Given data:
-------

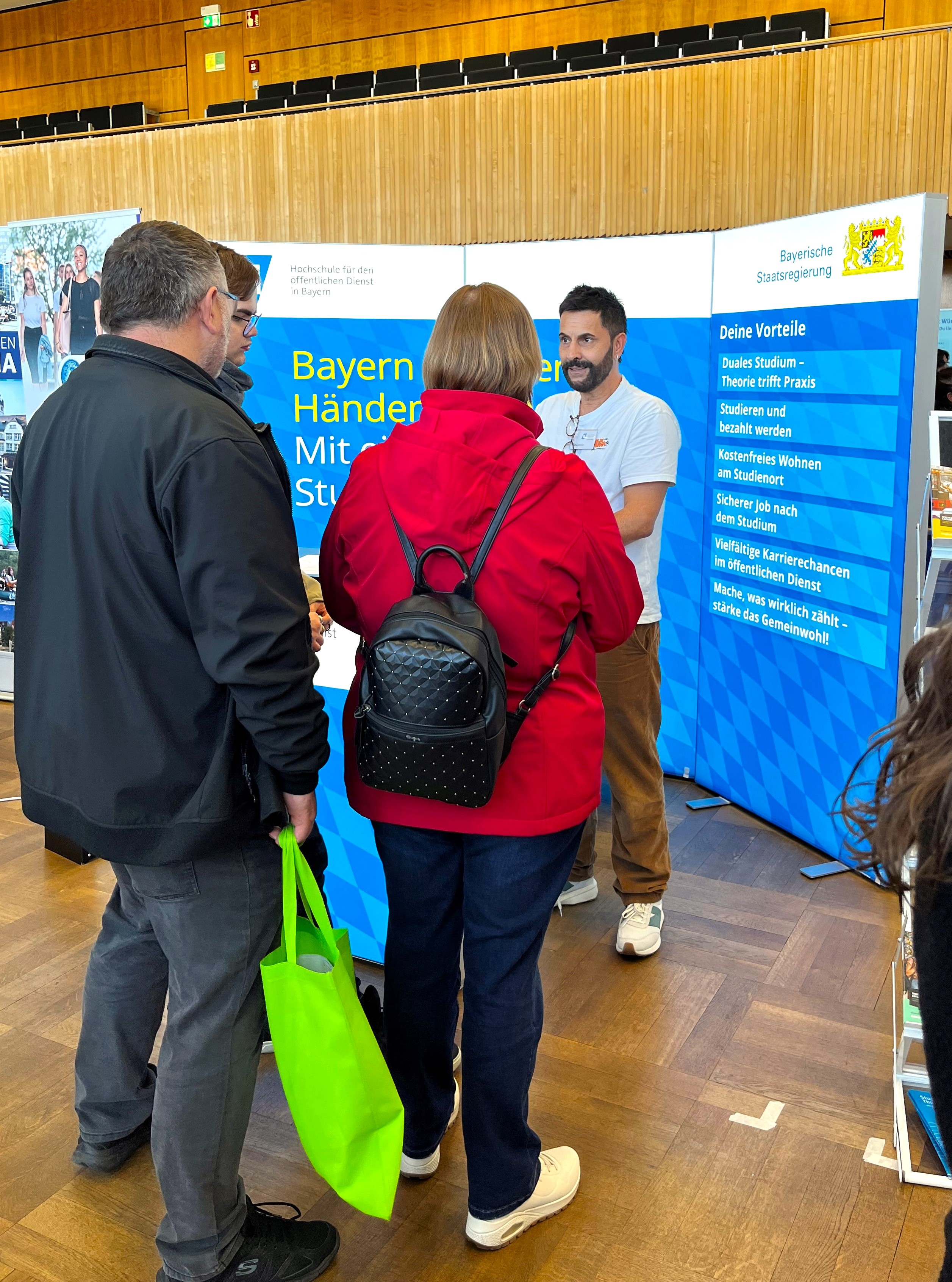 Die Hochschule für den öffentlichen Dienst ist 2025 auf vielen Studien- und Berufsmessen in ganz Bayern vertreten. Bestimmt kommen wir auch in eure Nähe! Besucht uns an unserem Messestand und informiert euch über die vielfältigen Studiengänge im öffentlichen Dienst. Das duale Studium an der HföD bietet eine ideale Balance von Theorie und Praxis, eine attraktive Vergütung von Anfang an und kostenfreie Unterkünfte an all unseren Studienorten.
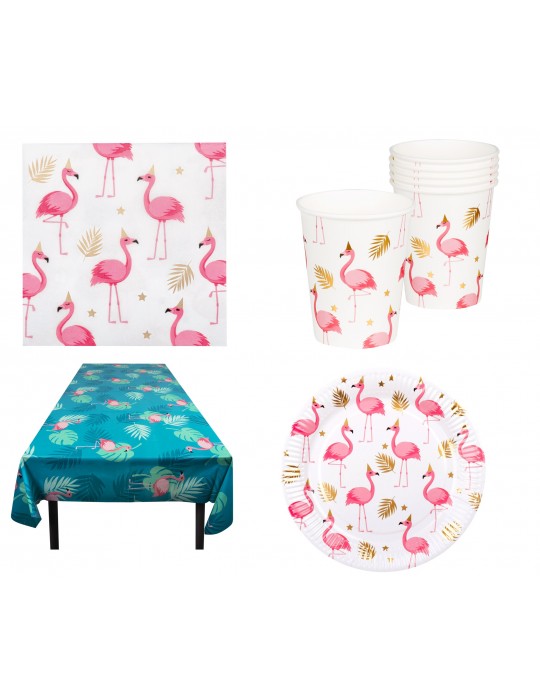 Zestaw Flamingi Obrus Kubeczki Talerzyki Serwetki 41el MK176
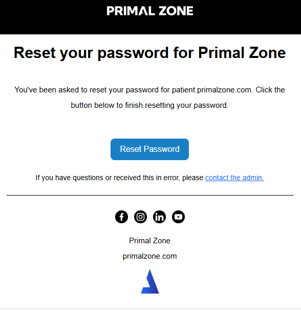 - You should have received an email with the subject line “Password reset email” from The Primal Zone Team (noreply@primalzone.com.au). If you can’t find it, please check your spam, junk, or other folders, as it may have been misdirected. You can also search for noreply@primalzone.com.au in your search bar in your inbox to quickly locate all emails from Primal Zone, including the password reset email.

-------

The answer is the full listing above, repeated exactly, with its pictures removed.

Answer to this exercise:
 Die Hochschule für den öffentlichen Dienst ist 2025 auf vielen Studien- und Berufsmessen in ganz Bayern vertreten. Bestimmt kommen wir auch in eure Nähe! Besucht uns an unserem Messestand und informiert euch über die vielfältigen Studiengänge im öffentlichen Dienst. Das duale Studium an der HföD bietet eine ideale Balance von Theorie und Praxis, eine attraktive Vergütung von Anfang an und kostenfreie Unterkünfte an all unseren Studienorten.
 Zestaw Flamingi Obrus Kubeczki Talerzyki Serwetki 41el MK176
 - You should have received an email with the subject line “Password reset email” from The Primal Zone Team (noreply@primalzone.com.au). If you can’t find it, please check your spam, junk, or other folders, as it may have been misdirected. You can also search for noreply@primalzone.com.au in your search bar in your inbox to quickly locate all emails from Primal Zone, including the password reset email.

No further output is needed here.